Throw this into a $( document ).ready call, load it up, and you get nothing. The browser developer tools give you a vague hint of what’s going on:

CanceledRequest

 

The request to the GitHub API was canceled. Let’s make one small change to the JavaScript:

   1: function loadAppointmentTimes( ) {

   2:     var url= "https://github.com/api/v2/json/repos/search/zenboard";

   3:   $.ajax({

   4:       url: url,

   5:       type: "GET",

   6:       dataType: "jsonp",

   7:       success: function(data) {

   8:           alert( 'moo' );

   9:       }

  10:   });

  11: }

The only difference here is the datatype is now jsonp instead of json. Load this page up and we get a hearty “moo” alert.

But take a look at the headers for the request we’ve made:

RequestWithURL

There’s an extra parameter: callback. jQuery added this. Furthermore, here’s the response:

RequestWithResponse

This ain’t quite JSON. It’s a JavaScript function call wrapped around JSON.

The upshot of all this: When you make a request without the callback parameter, GitHub will give you JSON. Unless it’s called from JavaScript from the browser in which case, I believe it’s the browser itself that says “Papa don’t preach that way” and cancels the request completely because it won’t allow JSON to come back.

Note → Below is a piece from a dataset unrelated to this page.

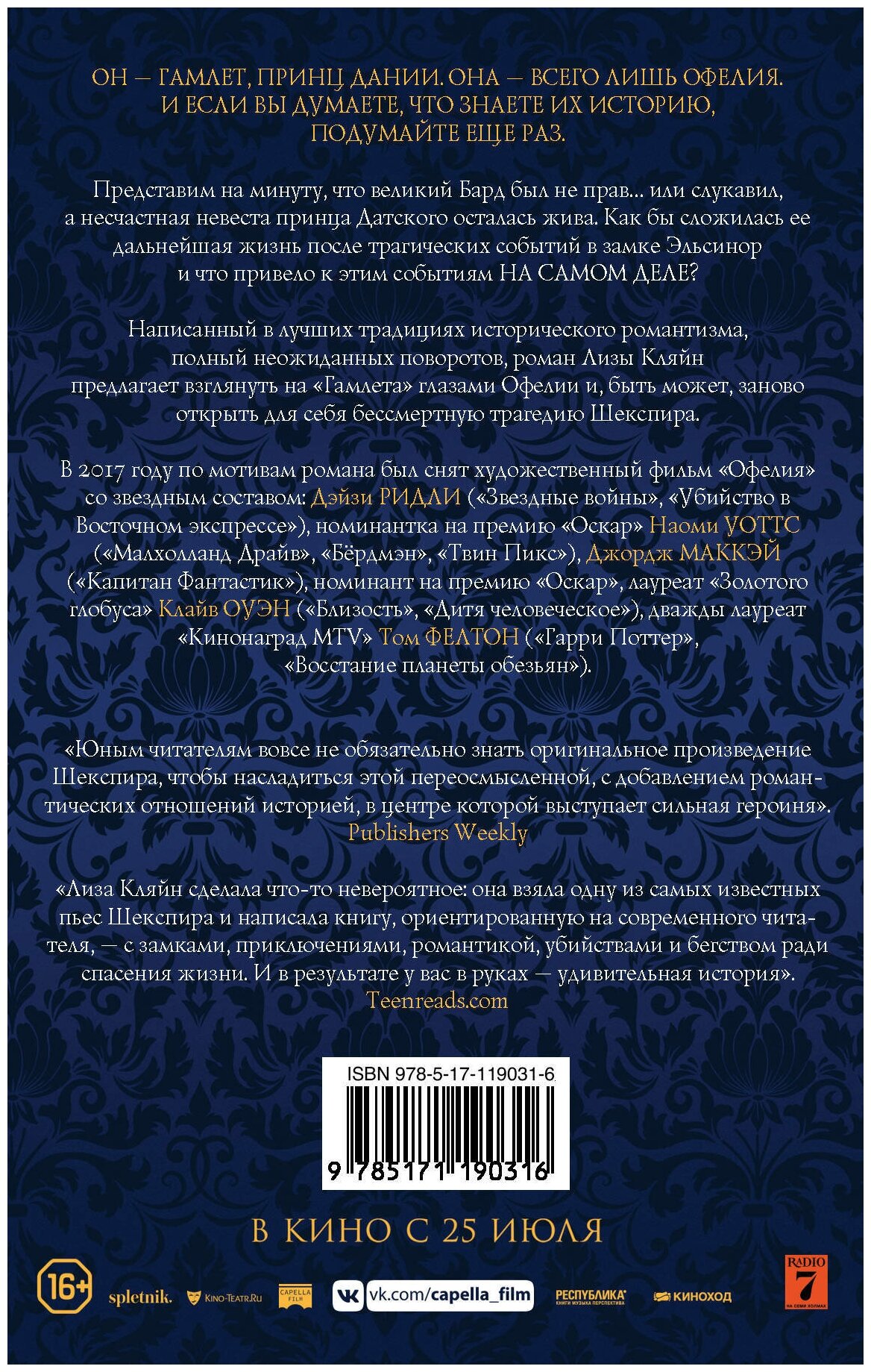 Написанный в лучших традициях исторического романтизма, полный неожиданных поворотов роман Лиы Кляйн предлагает взглянуть на "Гамлета" глазами Офелии и, быть может, заново открыть для себя бессмертную трагедию Шекспира.

But when you tell jQuery to make the call as jsonp, it adds an auto-generated callback parameter (I believe you can specify the name of the callback if you so desire). GitHub is nice enough to adjust the response accordingly, wrapping the JSON in the callback function. Further, jQuery is nice enough to strip it off again and give you back the intended JSON.

When I first started this post, it was going to lead up to this point where I ask: When creating an API, is it normal to support both JSON and JSONP requests? In fact, I ask the question in the title already.

But it appears the answer is yes based on other services that offer APIs. Obviously, GitHub supports it. So does BitBucket, Twitter, AgileZen, and Flickr (though Flickr uses a different callback parameter name). So…thanks for listening, I guess…

Final Note

JSONP (and any cross-domain request, I believe) is read-only. I.e. it supports GET requests only, not POSTs (or PUT or DELETE, I suppose). The odd thing is: I only discovered this today while researching for this post. This baffles me because I’ve been doing AJAX apps since 2000 and don’t remember ever having to deal with this. I suppose they were all same-domain, or if they were cross-domain, it was read-only. Anyway, score one for blogging because within the next two days, we would have run into this very issue at BookedIN and wasted a bunch of time tracking down the cause.

To get around this limitation, there are two options (probably more depending on how academic you want to make your research):

Use a proxy

That is, you POST the request to the same domain and in the server code, forward the request on to the other domain. Remember, cross-domain security is only on the browser.

Cross-Origin Resource Sharing

This is new to me as well as of this morning. It’s a draft specification to get around the same origin policy I’ve spent these many minutes describing. I know nothing about except what I read on AgileZen’s documentation. The salient points are:

  • Works on newer browsers only. This essentially translates into “Works on IE8 or higher and all versions of Firefox and Chrome that you’re likely to see in the wild.”
  • May have issues with some proxy servers and firewalls

This was enough for us to postpone this route to a future release when our client isn’t the only one for the API.